23 April 2015

Driving a bus

Back when I first started this blog, I was working in the city and catching the bus to work. In fact, that's what inspired me to start blogging, in a round about way.

We were sitting at a red light one morning and the bus was making funny noises and the suspension seemingly levelling the bus out. I wondered if the driver was doing it, or whether it was automatic, so I googled it when I got home and came across Dave's blog. I thought, I could do that, blogging I mean, and started this blog shortly after. I've since created a couple of other blogs and had a couple of other jobs.

About three weeks ago I started a new job and I won't give you any guesses what it is, because it's in the title. I'm now driving buses for a living.

I didn't wipe the lens properly before I handed my iPhone over to a colleague, so the pic is a bit dodgy.



















We started off the training early this month, covering all sorts of stuff like customer services, driver fatigue, ticketing, manual handling, even national security. The classroom stuff was interspersed with route familiarisation where we took it in turns driving around the area the company services. We have several types of bus in the fleet, from old, manual Volvo B10Ms to nice flash Mercedes coaches, so we got a broad taste. The pic above is during our route familiarisation, in a Mercedes low floor bus. I have to publicly state here that the trainers at my company are brilliant. They're serious about the job they do, but they also have great senses of humour.

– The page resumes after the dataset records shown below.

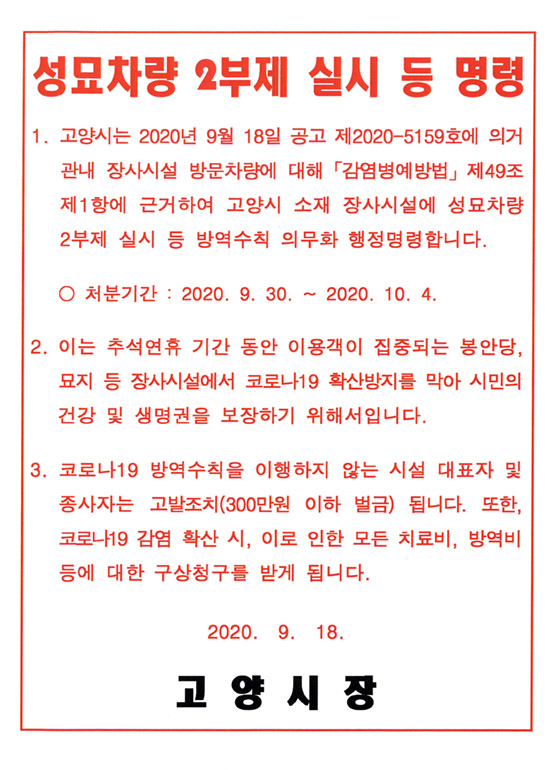 고양시가 「추석연휴 성묘차량 2부제 실시」 행정명령을 발동했습니다.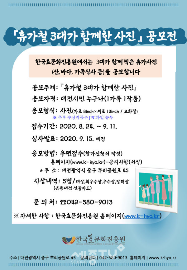 한국효문화진흥원(원장 문용훈)은 가족(3대)들이 여름휴가철을 맞아 휴가지(산, 바다, 계곡, 가족식사 등)에서의 행복한 순간을 사진으로 담아낸 「휴가철 3대가 함께한 사진」공모전을 개최한다. 이번 사진 공모전은 가족의 소중함을 느끼며 효문화 정신을 고취한다는 취지를 담고 있다.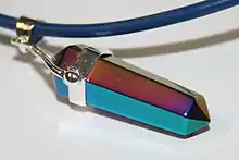 Rainbow quartz is a metal-coated crystal of quartz (SiO2) which is quartz whose surface is synthetically coated in various elements to give it an iridescent metallic sheen. Rainbow quartz has been treated with a combination of titanium and gold. Titanium molecules bond to the quartz using the natural electrostatic charge of the crystal in a process known as magnetron ionization.[3] The brilliant color of flame aura is the result of optical interference effects produced by layers of titanium. Since only electricity is used to deposit the titanium layers and create these colors, very little heat is involved and the integrity of the crystal is maintained.
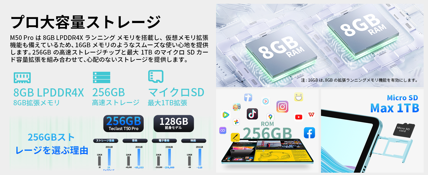 8GB LPDDR4Xランニングメモリを搭載し、8GBの仮想メモリ拡張機能も備えているため、合計16GBのメモリはスムーズな使い心地を提供できます。256GBの高速ストレージチップと最大1TBのマイクロSDカード容量拡張を組み合わせて、心配のないストレージを提供します。6000mAhの大容量バッテリーとAIスマートパワーマネジメントで、最大7時間の動画再生が可能です。

Today was my first time with paying passengers and it's quite a leap from driving around with your course-mates sitting behind you, ribbing you when you mount a curb, or make a wrong turn, to carrying real passengers that might ring up the depot and complain.

I had a split shift today, the first part of which was an express run into the city. My mentor did the run in and I drove empty back to the depot. That particular bus had brakes that you needed to stand on to get them to work. In Aussie parlance, bus 512 was a shit-box. I pretty much had the hang of it by the time we got back though.

The afternoon shift was a school run and fortunately it was one of the better schools in the area, the one my step-daughters attended. The bus for this run had brakes the total opposite of the morning run, to the point that it didn't take long before I realised the kids had noticed I was braking a bit heavy. A bus full of kids going, "Ooooh!" and bags falling over every time I pulled up, tends to teach you to be gentle. I did get some feedback from one of the kids, whose mum is a friend of the family. Apparently I did okay, not sure what that says about the other drivers doing that run.

I'm on a big learning curve at the moment. I've sort of got the hang of getting 12 metres of bus through some pretty tight turns and chicanes, but I still need to get used to the ticketing, remembering to stop at bus stops and then open the doors, and learning the routes. At the moment though, it's a pretty good job and it seems there are quite a few old hands at the depot who agree.

Did I mention the pay's not bad too?